No início, a proposta era trabalhar com adultos, mas o tempo mostrou que era preciso investir em outro grupo. “Quando abrimos uma sala para crianças e adolescentes, lotou rapidamente”. E o crescimento foi geral. De 1988 para 1989, passou de 140 alunos para 650 alunos. Outras três casas foram alugadas. Novos serviços foram agregados à ABA, como o curso de orientação e preparação para estudo e carreira internacional, com inúmeras parcerias.

Em 1995, a Embaixada dos Estados Unidos concedeu à ABA o certificado de Excelência em Qualidade de Ensino e Eventos Culturais – a única do Norte/Nordeste. E Eduardo Carvalho partiu para um projeto ousado: construir a sede própria.

Comprou um primeiro terreno na avenida Rosa e Silva e, em 1997, iniciou a construção do prédio. Adquiriu mais três terrenos e a estrutura foi crescendo. Depois de cinco ampliações, hoje a área tem seis metros quadrados, sendo 8 mil metros de área construída em todos os pavimentos.

Paralelo à construção, Eduardo Carvalho dava início ao projeto da escola bilíngue. Em parceria com a Maple Bear Canadian School, a ideia era oferecer educação infantil e fundamental em um padrão internacional com metodologia bilíngue.

"Minha esposa viu o anúncio do consulado norte-americano, que buscava contratar um diretor-executivo. Li e fui me candidatar ao cargo".

Pesquisas mostram que ao aprender mais um idioma, as habilidades da criança na área cognitiva são bem mais desenvolvidas. A compreensão, a criatividade e o raciocínio são aguçados. “Quanto mais cedo começar, mais efetiva será sua aprendizagem linguística”, complementa.

Para Eduardo Carvalho, o inglês tem um impacto forte na sociedade. Ele já viu muitos empresários perderem negócios por não falarem inglês. “Se você souber inglês, ganha o mundo. Você pode ser um grande profissional, mas sem o inglês, fica limitado. E não podemos limitar a exportação de talentos”.

O diretor da ABA conta que o modelo de educação brasileiro é o grande responsável por este déficit. “Quando um aluno vem fazer um teste aqui e diz que estudou inglês apenas no colégio, a gente não considera, ele não está aprendendo”.

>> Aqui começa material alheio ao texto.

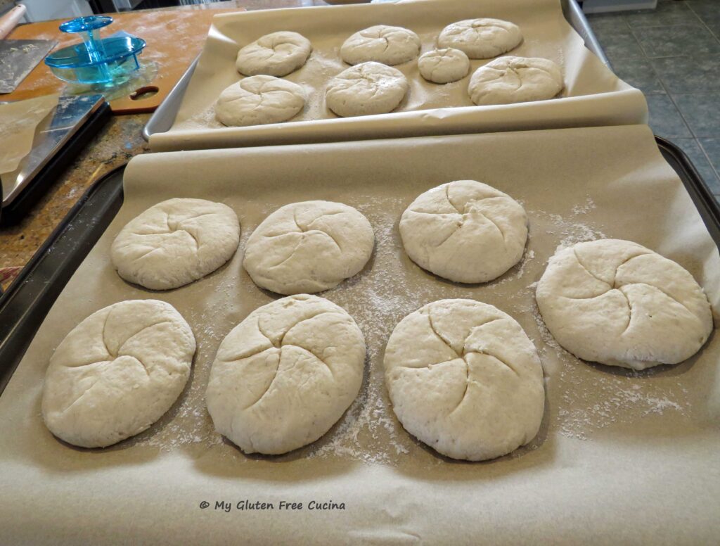 Cover the rolls and let them rest for 30 minutes while you preheat the oven to 475º. Score the top of each roll.
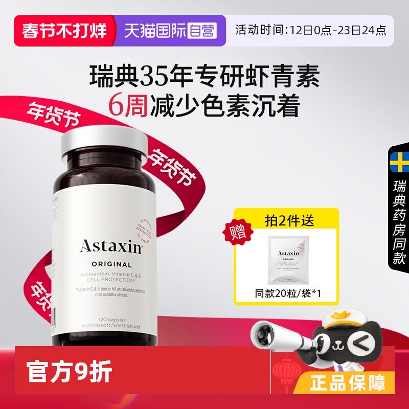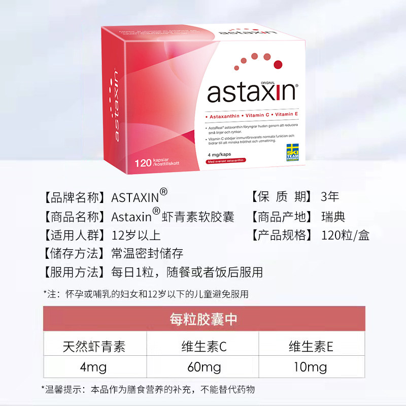 📚 【自营】瑞典进口Astaxin天然虾青素软胶囊雨生红球藻120粒

"O caminho natural de um país que deseja ser globalizado é ter escolas bilíngues verdadeiras e não fazer o que estão praticando por aí, colocando escola de inglês dentro do colégio".

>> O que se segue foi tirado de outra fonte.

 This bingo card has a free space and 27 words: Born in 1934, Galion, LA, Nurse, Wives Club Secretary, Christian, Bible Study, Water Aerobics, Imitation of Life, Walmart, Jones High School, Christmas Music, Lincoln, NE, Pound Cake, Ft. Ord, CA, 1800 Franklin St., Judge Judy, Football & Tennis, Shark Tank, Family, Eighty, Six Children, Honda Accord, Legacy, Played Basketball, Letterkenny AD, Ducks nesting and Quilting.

Na escola, Mônica, esposa de Eduardo, é a diretora educacional. Seus três filhos também estão na mesma atividade. Eduardo Filho é diretor administrativo-financeiro e Guilherme é o gestor de pesquisa e inovação da ABA. Já Henrique exerce a função de Business Intelligence na Sanofi-Pasteur, em Toronto, no Canadá.

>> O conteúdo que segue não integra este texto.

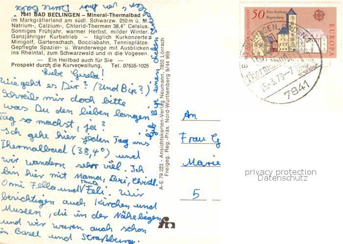 72781974 alte Postkarte Bad Bellingen Mineral Thermalbad im Schwarzwald Fliegeraufnahme postalisch gelaufen Erhaltung siehe scans [FriedD77] KatCode: 11110008336006

Este ano, a ABA foi considerada a melhor empresa para se trabalhar na América Latina, sendo a melhor educacional, segundo o Great Place to Work. O que prova que uma grande estrutura, complementada por uma equipe de alta competência, facilita o bom aprendizado.

A ABA tornou-se tudo aquilo que Eduardo Carvalho tanto sonhou, ainda garoto, quando dava aulas na garagem de sua casa. “Nosso objetivo não é ser o maior, mas sim o melhor no segmento em que atuamos, sempre tendo como benchmark as melhores instituições do mundo”, finaliza.